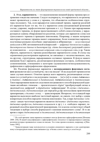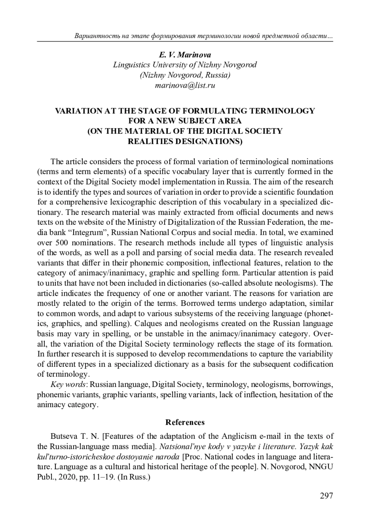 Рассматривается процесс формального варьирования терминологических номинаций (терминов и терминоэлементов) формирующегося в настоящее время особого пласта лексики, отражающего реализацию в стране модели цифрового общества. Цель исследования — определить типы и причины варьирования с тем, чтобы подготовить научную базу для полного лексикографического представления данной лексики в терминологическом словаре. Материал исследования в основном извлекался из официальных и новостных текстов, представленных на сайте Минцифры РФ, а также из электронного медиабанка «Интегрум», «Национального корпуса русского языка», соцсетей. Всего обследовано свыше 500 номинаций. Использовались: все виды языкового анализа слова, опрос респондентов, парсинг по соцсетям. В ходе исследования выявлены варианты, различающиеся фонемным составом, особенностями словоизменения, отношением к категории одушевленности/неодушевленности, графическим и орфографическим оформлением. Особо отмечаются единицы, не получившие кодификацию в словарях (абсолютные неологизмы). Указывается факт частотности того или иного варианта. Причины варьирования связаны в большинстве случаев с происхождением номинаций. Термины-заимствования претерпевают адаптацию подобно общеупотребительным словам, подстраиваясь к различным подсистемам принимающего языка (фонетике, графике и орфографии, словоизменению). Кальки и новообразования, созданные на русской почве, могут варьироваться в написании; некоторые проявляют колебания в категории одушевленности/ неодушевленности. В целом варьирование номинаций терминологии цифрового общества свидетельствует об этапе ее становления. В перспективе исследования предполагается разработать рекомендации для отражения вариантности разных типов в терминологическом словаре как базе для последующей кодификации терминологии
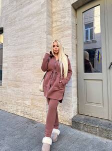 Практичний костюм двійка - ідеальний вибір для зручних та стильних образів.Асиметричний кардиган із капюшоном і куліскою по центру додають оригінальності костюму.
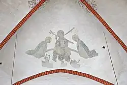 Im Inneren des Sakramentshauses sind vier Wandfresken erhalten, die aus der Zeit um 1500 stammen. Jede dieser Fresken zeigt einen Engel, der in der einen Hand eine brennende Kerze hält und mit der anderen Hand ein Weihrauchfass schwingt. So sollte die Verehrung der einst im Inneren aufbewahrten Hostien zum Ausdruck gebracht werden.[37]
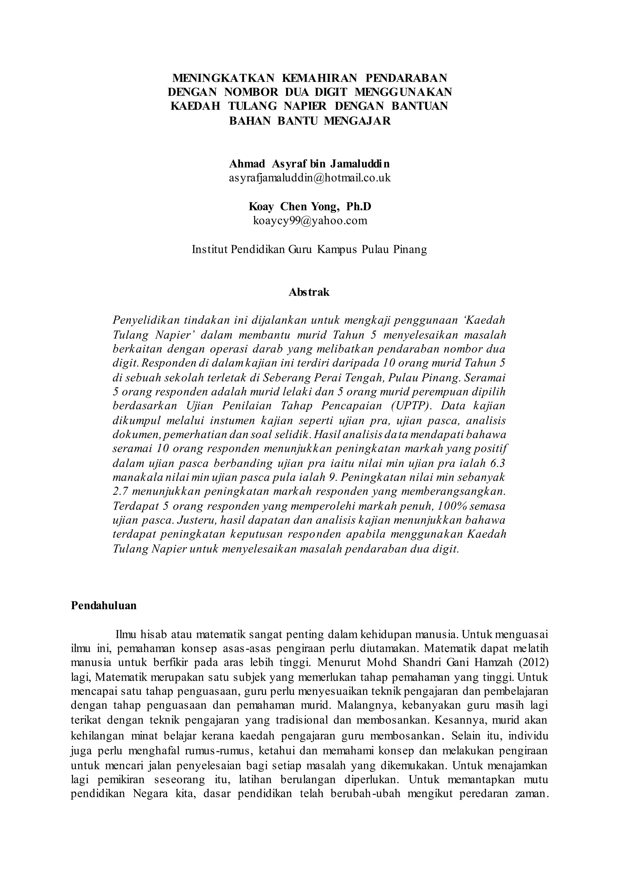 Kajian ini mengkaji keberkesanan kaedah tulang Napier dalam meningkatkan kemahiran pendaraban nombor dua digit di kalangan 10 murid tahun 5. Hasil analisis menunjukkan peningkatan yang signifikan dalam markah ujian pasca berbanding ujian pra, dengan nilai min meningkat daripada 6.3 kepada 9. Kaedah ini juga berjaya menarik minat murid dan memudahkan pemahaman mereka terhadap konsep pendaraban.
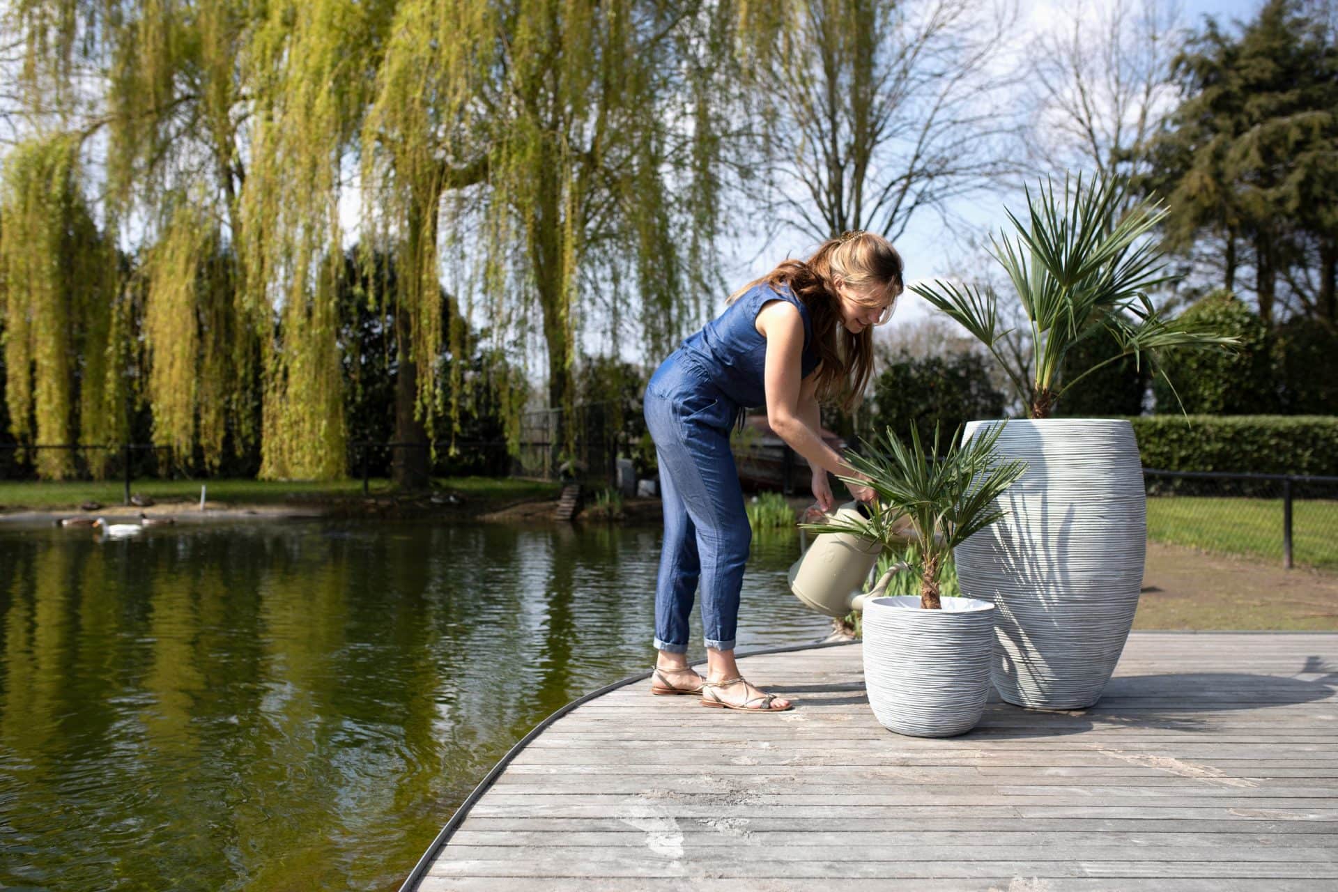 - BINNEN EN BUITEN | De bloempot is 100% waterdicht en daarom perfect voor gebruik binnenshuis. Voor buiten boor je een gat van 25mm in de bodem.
::::::::::
Take the entries above and set them down exactly, minus the pictures.

 Рассматривается процесс формального варьирования терминологических номинаций (терминов и терминоэлементов) формирующегося в настоящее время особого пласта лексики, отражающего реализацию в стране модели цифрового общества. Цель исследования — определить типы и причины варьирования с тем, чтобы подготовить научную базу для полного лексикографического представления данной лексики в терминологическом словаре. Материал исследования в основном извлекался из официальных и новостных текстов, представленных на сайте Минцифры РФ, а также из электронного медиабанка «Интегрум», «Национального корпуса русского языка», соцсетей. Всего обследовано свыше 500 номинаций. Использовались: все виды языкового анализа слова, опрос респондентов, парсинг по соцсетям. В ходе исследования выявлены варианты, различающиеся фонемным составом, особенностями словоизменения, отношением к категории одушевленности/неодушевленности, графическим и орфографическим оформлением. Особо отмечаются единицы, не получившие кодификацию в словарях (абсолютные неологизмы). Указывается факт частотности того или иного варианта. Причины варьирования связаны в большинстве случаев с происхождением номинаций. Термины-заимствования претерпевают адаптацию подобно общеупотребительным словам, подстраиваясь к различным подсистемам принимающего языка (фонетике, графике и орфографии, словоизменению). Кальки и новообразования, созданные на русской почве, могут варьироваться в написании; некоторые проявляют колебания в категории одушевленности/ неодушевленности. В целом варьирование номинаций терминологии цифрового общества свидетельствует об этапе ее становления. В перспективе исследования предполагается разработать рекомендации для отражения вариантности разных типов в терминологическом словаре как базе для последующей кодификации терминологии
 Практичний костюм двійка - ідеальний вибір для зручних та стильних образів.Асиметричний кардиган із капюшоном і куліскою по центру додають оригінальності костюму.
 Im Inneren des Sakramentshauses sind vier Wandfresken erhalten, die aus der Zeit um 1500 stammen. Jede dieser Fresken zeigt einen Engel, der in der einen Hand eine brennende Kerze hält und mit der anderen Hand ein Weihrauchfass schwingt. So sollte die Verehrung der einst im Inneren aufbewahrten Hostien zum Ausdruck gebracht werden.[37]
 Kajian ini mengkaji keberkesanan kaedah tulang Napier dalam meningkatkan kemahiran pendaraban nombor dua digit di kalangan 10 murid tahun 5. Hasil analisis menunjukkan peningkatan yang signifikan dalam markah ujian pasca berbanding ujian pra, dengan nilai min meningkat daripada 6.3 kepada 9. Kaedah ini juga berjaya menarik minat murid dan memudahkan pemahaman mereka terhadap konsep pendaraban.
 - BINNEN EN BUITEN | De bloempot is 100% waterdicht en daarom perfect voor gebruik binnenshuis. Voor buiten boor je een gat van 25mm in de bodem.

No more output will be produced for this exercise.